The 2-Phase Method

Basic concepts and Principles

We start from a linear programming problem as
Minimize \( C^t x \)

Subject to:

\( \begin{matrix} Ax \le b \\ x\geqslant 0 \end{matrix} \)

Where as always:

\( A \in \mathbb M _{mxn}, \, rnk(A)=m ,\,\, \)\( b \in R^{m}, \, C \in R^{n}, \,\, n \geqslant m \)


Note first of all, that this problem is not written in standard form (see section , The simplex Algorithm)

If you want to see a two phase method complete example click here.

We have seen at section Simplex Pivot element how to pass from a Linear programming problem to it standard form by using slack variables.

The first problem is to find an identity mxm submatrix of A for starting simplex algorithm, wich can be not easy.

For this, we will apply the called two-phase method. To sum up:

Two-phase method overview



Phase 1

1) We look for an identity submatrix of dimension mxm within the complete matrix A. If neccesary we add as much artificial as rows we have, this is m.

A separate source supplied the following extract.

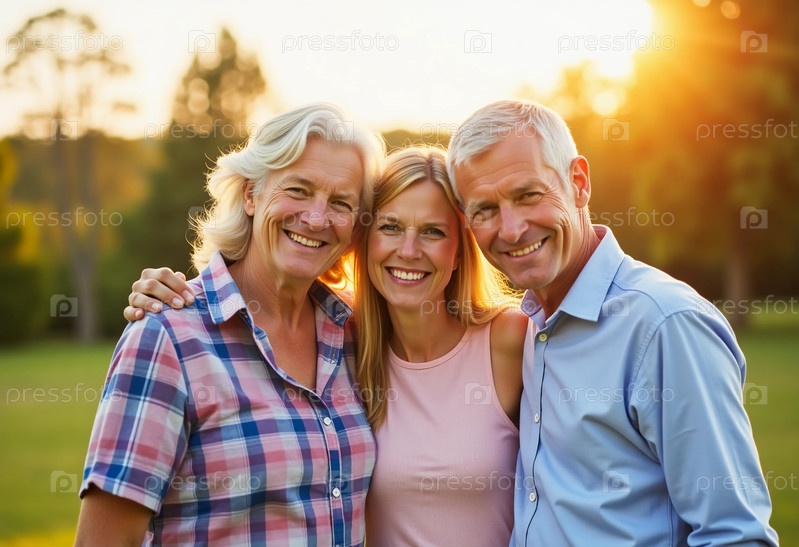 В красивом парке при закате солнца любящие бабушки и дедушки обнимают улыбающихся внука и внучку, создавая драгоценные воспоминания, наполненные теплотой и счастьем
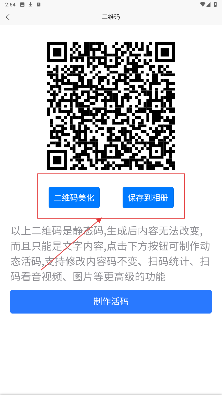 3、进入二维码页,按需点击【二维码美化】或【保存到相册】,完成静态码生成流程。

So that to complete a identity mxm submatrix to start the algorithm.

With this we do not modify the extreme points set of the original problem, we have just added more dimensions to the feasible set polytope, in order to have a solution to start the algorightm at first phase.

2) Change the original objective function for other one wich have all values as zero except for those components in the new artifical variables where have 1 as (ie, vector C = (0, .., n-times ..., 0, 1, .., m-times (as much) ..., 1).

3) Start the algorithm with this problem until reach one of these cases:

   3a) Reached the optimal solution = zero: this means artificial variables have left the basis: in this case we can move to phase 2 of two-phase method.

   3b) If we reached the optimal solution finite non-zero: means that original problem has no solution.

Phase 2

Eliminate artificial variables, and continue algorithm just by:
1) Changing the original objective function C.

2) The basis is the remaining from the phase one.

3) Continue the algorithm with these changes until reach one of the 4 possible outputs known of the problem.


The idea of phase one is to remove the artificial variables from the basis and get the trivial solution (this is zero) for the extended problem. In this case, we can go on to phase two.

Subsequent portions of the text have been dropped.